In Desmond v. Mukasey, C.A.D.C. No. 07-5139, 7/1/08, the D.C. Circuit Court of Appeals has overturned the lower court’s summary judgment and sent an FBI agent’s discrimination complaint under the Rehabilitation Act of 1973 back for trial. The facts are as related in the court’s decision.

When Desmond was accepted into new agent training, he signed the required paperwork acknowledging that he could be assigned anywhere, no transfers were available for personal reasons, and that he had to pass certain academic and suitability requirements to stay in the program. He performed well in the new agent training program at Quantico. At the same time he worked hard to try to secure assignment to Cleveland, Ohio upon graduation. His mother lived in Cleveland and Desmond, fearing for her personal safety as the result of a harrowing experience involving a break-in at her house a few years earlier, was determined to be assigned there so that he could personally watch out for his mother. (Opinion p. 4)

The experience in question had involved Desmond personally when he was in his early 20’s.
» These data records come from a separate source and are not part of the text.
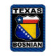 Magnet de Rótulo bosnio-americano de Texas. Diseño clásico de señas de ruta de EE.UU., con el texto TEXAS BOSNIAN, y las banderas del estado de Texas y Bosnia Herzegovina.
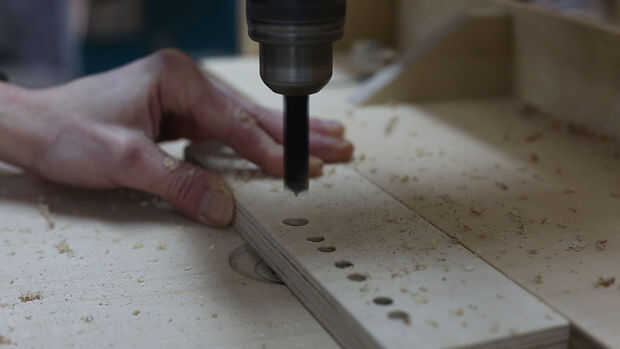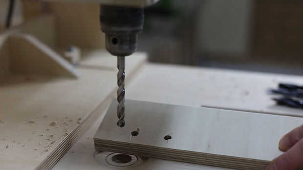 Finalmente estas son las brocas de espiga de CNC. Primer taladro pasante. Entra suave y centrado. Y como usted no puede ver, astillado en todos. Vamos a tratar ahora el agujero oculto. Perfecto!
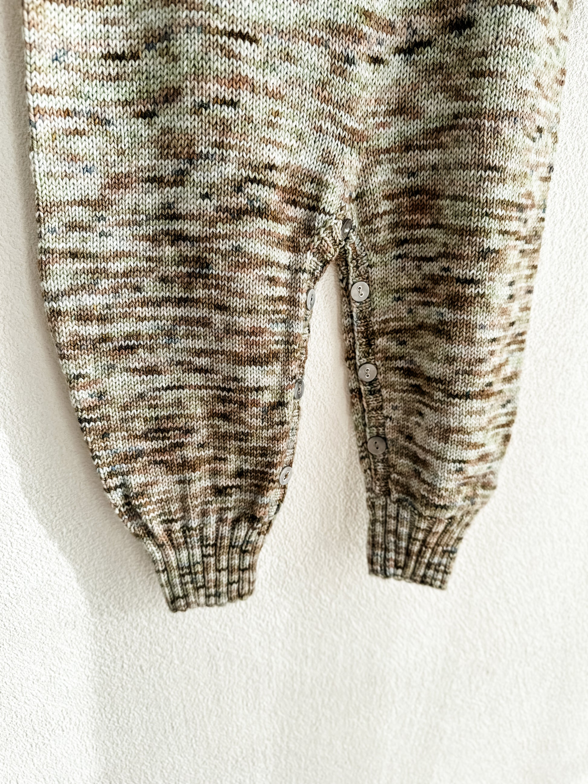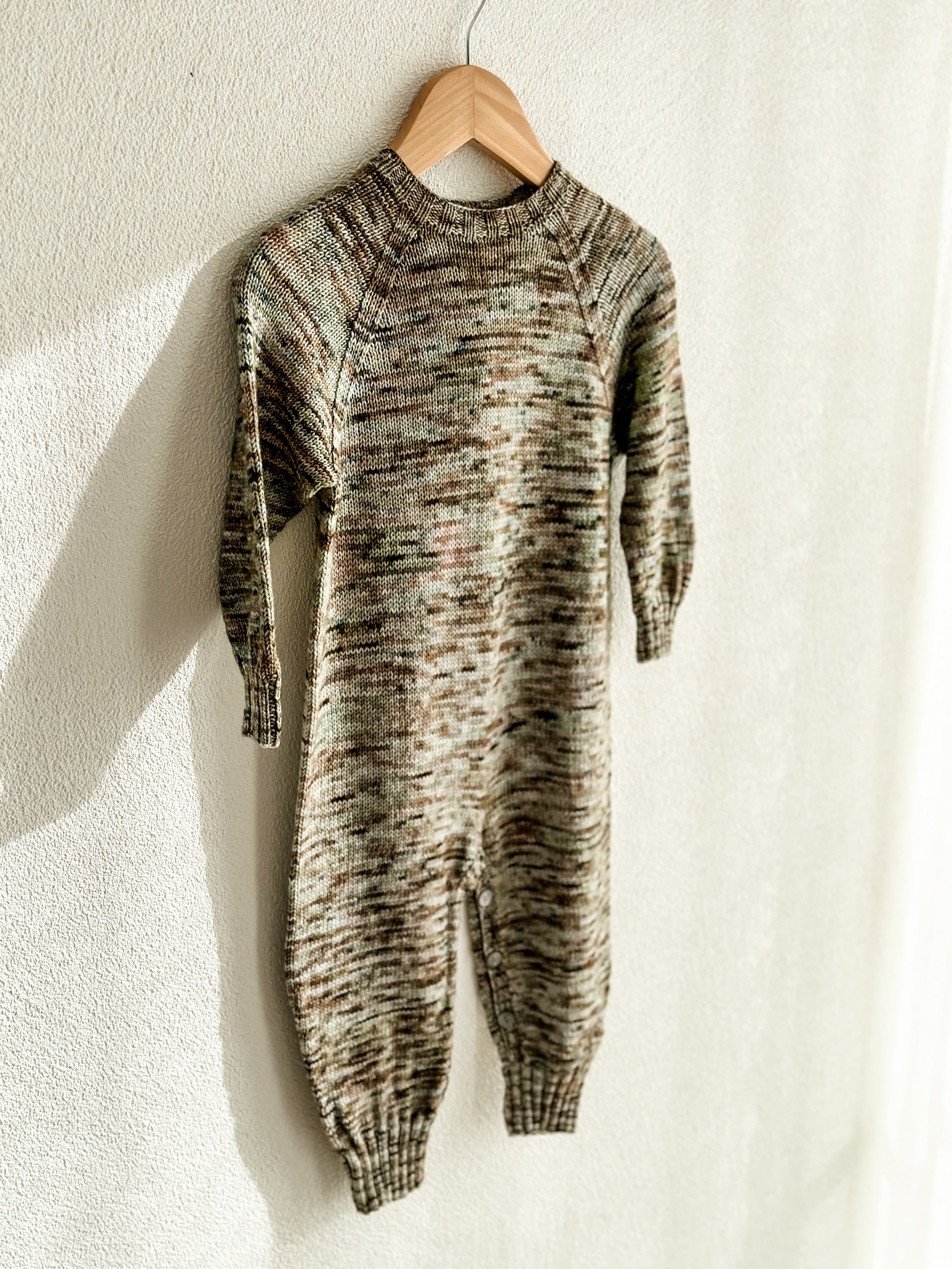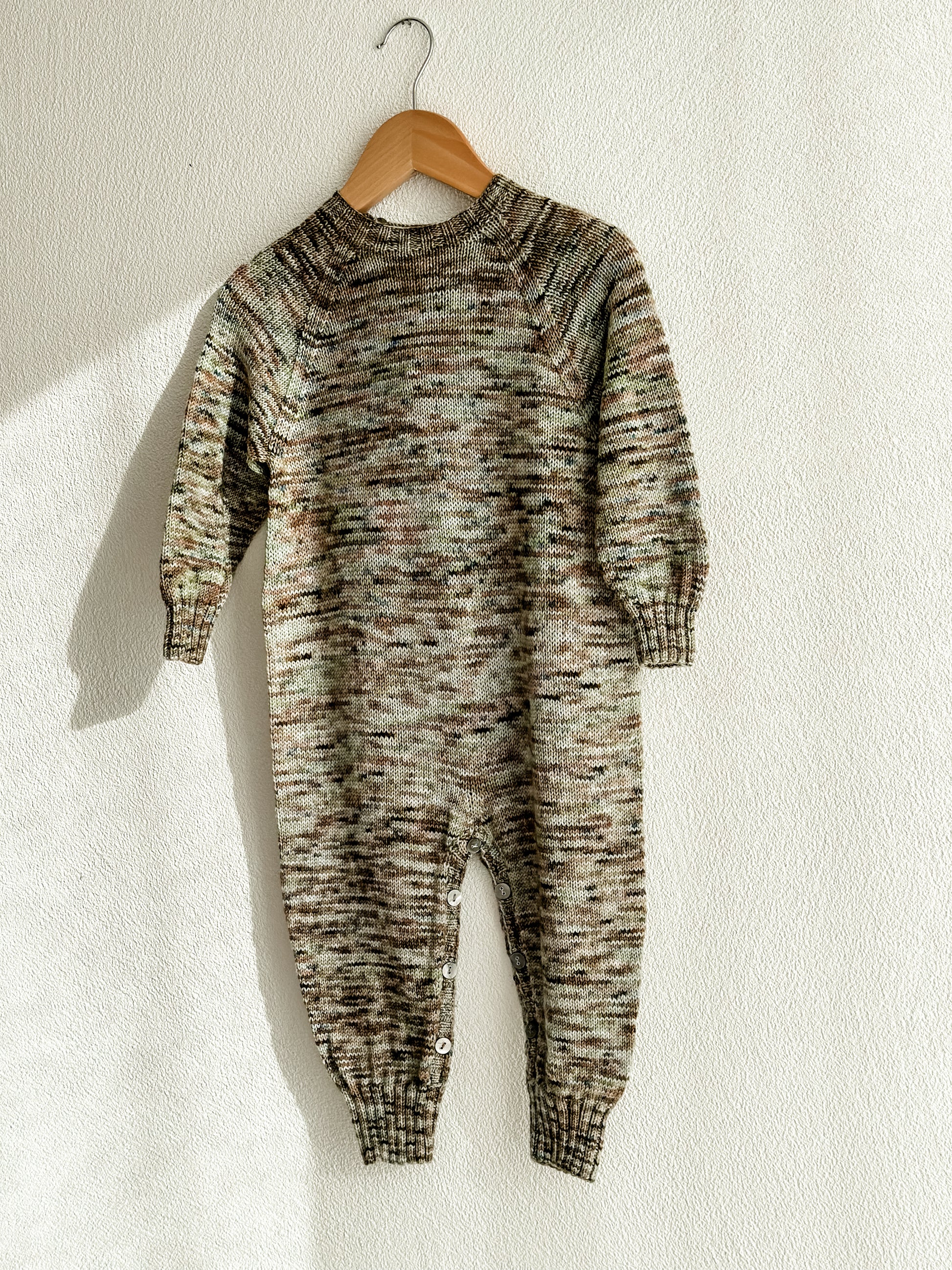 Dieser Overall aus handgefärbter Wolle besticht durch seinen schönen Farbverlauf in grün und braun. Das angenehme Tragegefühl wird durch den Polyamid Anteil verstärkt, der ausserdem für Robustheit und Langlebigkeit sorgt, auch bei hoher Beanspruchung. Danke der langärmligen Ausführung perfekt für den Übergang oder die kalte Jahreszeit.

A notorious rapist broke into his mother’s house, held Desmond hostage for an hour or so, robbed the house, and threatened to come back and hurt his mother. Desmond worked with the police to help apprehend and convict the guy. Motivated by the experience to work in law enforcement, Desmond was determined to be an FBI agent.
(p. 4)

But he also apparently had a lot of guilt about leaving his mother unprotected in Cleveland, hence his efforts to secure an assignment with the FBI’s office there once he finished Quantico.

When he learned he was being sent to Chicago, Desmond claims he started experiencing more anxiety than usual. He eventually consulted an agency counselor who told Desmond he showed signs of Post Traumatic Stress Disorder as the result of the traumatic incident back in Cleveland. (p. 7)
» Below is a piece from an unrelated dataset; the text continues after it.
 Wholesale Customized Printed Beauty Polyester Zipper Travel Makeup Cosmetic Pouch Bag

Just before graduation from Quantico, Desmond wrote out a draft letter of resignation addressed to the FBI Director complaining about the lies and deceit in the agency’s refusal to accommodate his family and personal needs in his post training assignment. His supervisor found the letter on Desmond’s desk and talked to him about it. Desmond claimed he never intended to resign, he was simply venting by writing out his feelings, as the counselor had suggested. He did a short note retracting the document. However, his supervisors decided to do an inquiry into Desmond’s suitability to be an FBI agent. (pp. 7-10)
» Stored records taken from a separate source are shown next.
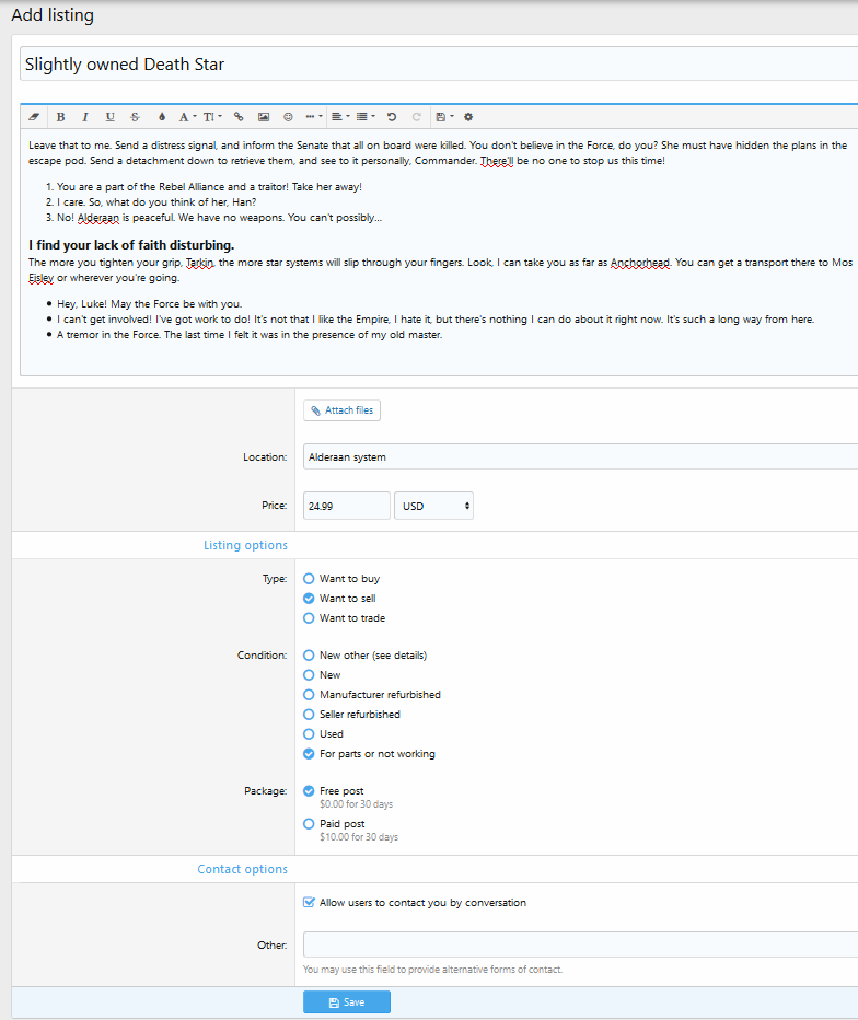 This add-on allows your users to list items for sale and trading. In addition to this, it also offers functionality to monetize these listings.
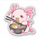 Indulge in the irresistible charm of our kawaii design inspired by Japan! This adorable chibi axolotl captures hearts as it happily slurps a bowl of steaming ramen soup with its tiny chopsticks. With its endearing expression and captivating cuteness, this design embodies the essence of adorable. The fusion of the delightful axolotl and the beloved Japanese cuisine creates a whimsical and lovable image that will transport you to the enchanting world of kawaii. Let this design bring a smile to your face and a touch of Japan's charm to your day!
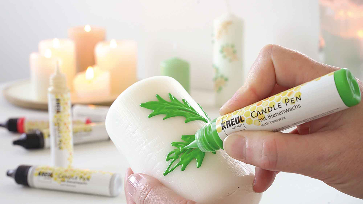 Zdobení svíček pomocí per na svíčky KREUL je snadné a přináší radost. Stačí začít a vytvářet elegantní vzory pomocí tupování, šablonování a malování. Pero je ideální pro vytvoření útulné atmosféry u vás doma. Barva na svíčky se vyrábí poctivě a bezpečně v Německu.
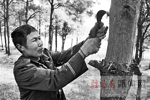 “不在規(guī)定直徑范圍內(nèi)采集松脂,會對松樹產(chǎn)生不利的影響。”竹溝水庫的一名工作人員對記者說,他看到有人來水庫邊采松脂,就上前制止,但這些人聲稱當(dāng)?shù)卣疾还?,他是多管閑事。

By the time the dust settled, the suitability report questioned Desmond’s retention as an agent, Desmond had filed an equal opportunity discrimination complaint based on mental handicap, and Desmond resigned when told he was being terminated from the agent program. (pp. 10-12)

Desmond filed suit in district court, alleging disability discrimination and retaliation. The latter claim went to a trial by jury and the jury held against Desmond. Meanwhile, the disability discrimination claim was thrown out by the district court, which awarded summary judgment to the government. (p. 13)

The court of appeals has now upended the district court’s decision on the discrimination claim and sent the case back to be tried on its merits. Among other things, the appeals court considered the question whether Desmond’s PTSD substantially limited a major life function, i.e. Desmond’s ability to sleep. The D.C. Circuit joins every other circuit that has considered whether sleep constitutes a major life activity, and, among other authorities, quotes a passage from Shakespeare’s MacBeth in concluding that it does. (pp. 15-19)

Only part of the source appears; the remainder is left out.